Говорили, что шах с шахиней очень любили советских врачей и даже сами у них лечились. Вот и решили подарить им удобный дом в Тегеране, наняв американскую строительную компанию, которая установила свои фирменные рессоры, в народе прозванные «американскими горками». Принцип их действия выяснился при первых же слабых колебаниях почвы, кои в Тегеране случались чуть ли не через день. Но если в низких посольских постройках они даже не ощущались, то врачебная башня начинала пружинить и покачиваться, будто прыгала на батуте. До сих пор помню свое безмерное восхищение от этого чудо-аттракциона!

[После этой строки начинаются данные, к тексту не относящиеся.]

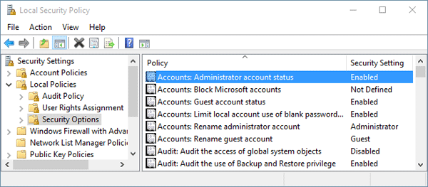 2. When the Local Security Policy window opens, expand Local Policies > Security Options. In right-side pane, double-click on the policy “Accounts: Administrator account status” and set it to Enabled.
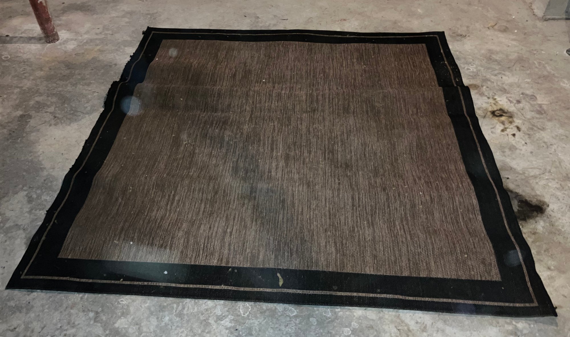 Outdoor patio carpet. Dimensions: 80” long x 79” wide.
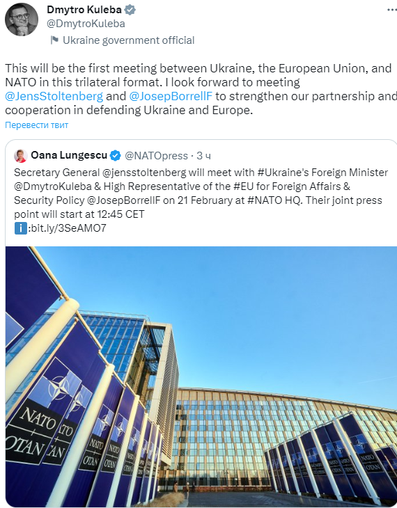 Генсек НАТО Єнс Столтенберг, головний дипломат ЄС Жозеп Боррель та міністр закордонних справ Дмитро Кулеба 21 лютого зустрінуться у Брюсселі. Про це повідомляє прес-служба військового Альянсу.
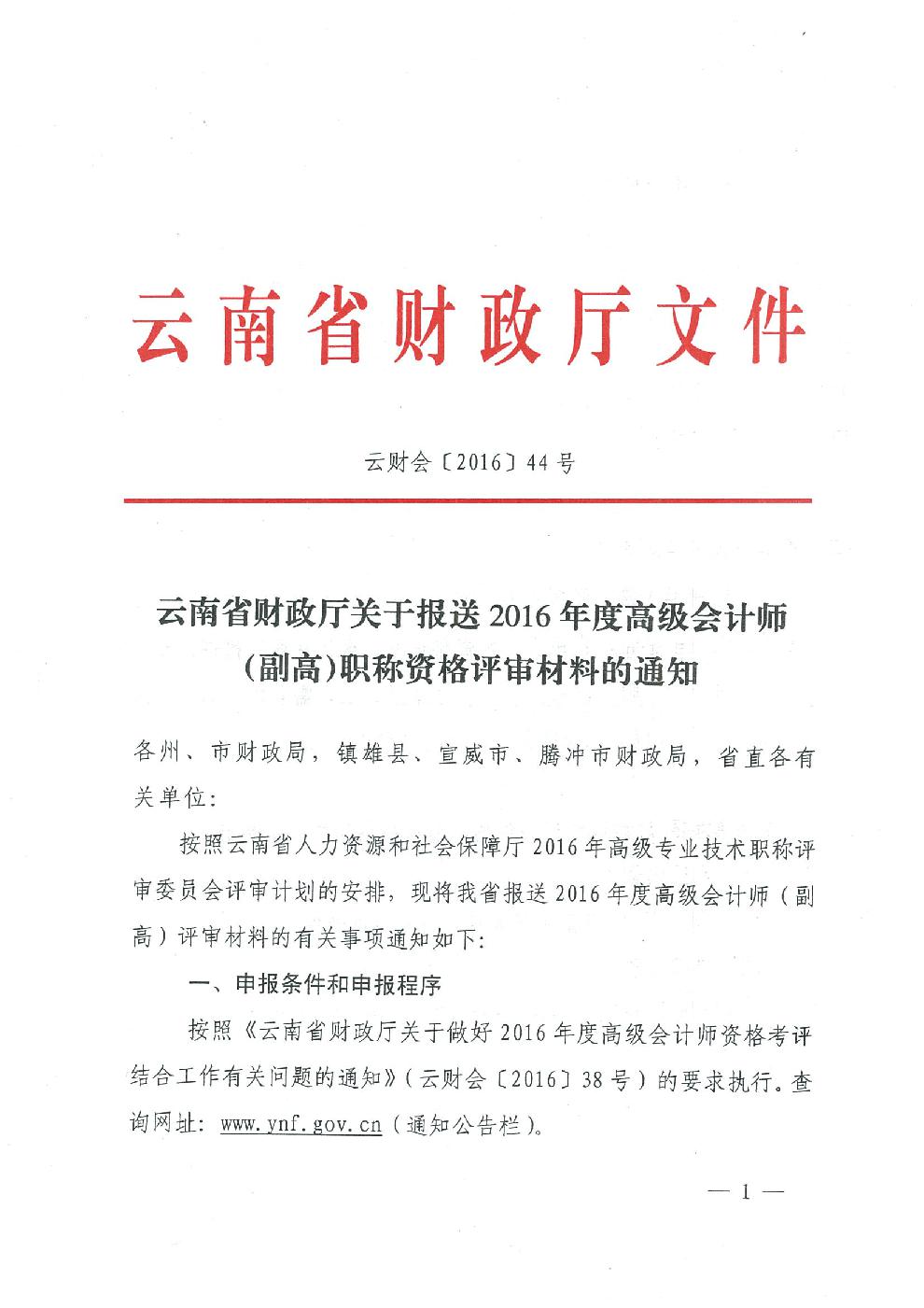云南省2016年高級會計(jì)師(副高)職稱資格評審材料通知
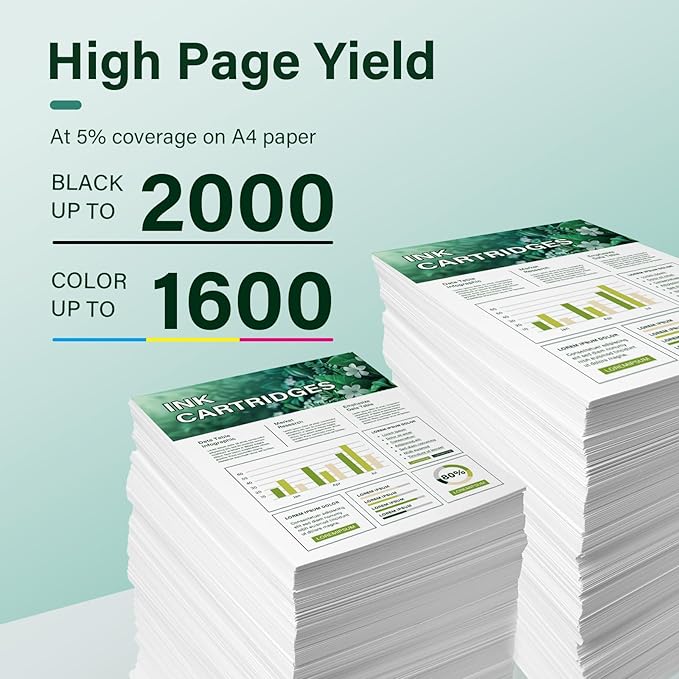 • High Page Yield: 962XL ink cartridges combo pack yields up to 2,000 pages for each 962XL Black Ink,and 1,600 pages for each 962XL Color Ink,at 5% coverage (A4e letter)
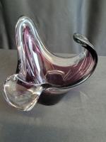 Vide-poche en verre 10 cm de haut 6 cm de haut au plu bas 13cm de diamètre environ.
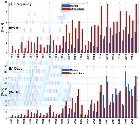 In this section, we calculated the occurrence and total days of AHWs and MHWs throughout the study period (Figure 7a,b) and then focused on the co-occurrence of events in 2021 as a case study. During the study period, the total number of AHW events for each year was always higher than that of MHW events (Figure 7a). The total number of MHW days exceeded that of AHW days in the last decade, except for in 2013, 2015 and 2021 (Figure 7b). There were 172 AHW events and 62 MHW events, with 33 events of AHWs and MHWs occurring together, accounting for 53% of the total MHWs events (Figure 7a,b). This implies that more than half (53%) of the MHWs recorded throughout the study period occurred simultaneously with AHWs, while the remaining percentage (47%) could be due to other causes such as oceanic processes (i.e., heat advection by ocean currents that can aggregate areas of warm water) rather than AHWs.

«Докторская» прыгающая башня-великан нравилась мне намного больше построенного советскими строителями посольского дома, хотя, в отличие от посольства, своей территории у сотрудников госпиталя почти не было. Дом стоял на «курьих ножках» из черных мраморных колонн, между которых расположился «подиум»  вымощенная мраморными плитами площадка под домом. Там стоял стол для пинг-понга и «мини-футбол», где надо крутить за ручки маленьких футболистов. В них мы играли крайне редко, зато с удовольствием носились по гладкому мрамору подиума на скейтах, лихо лавируя между колонн.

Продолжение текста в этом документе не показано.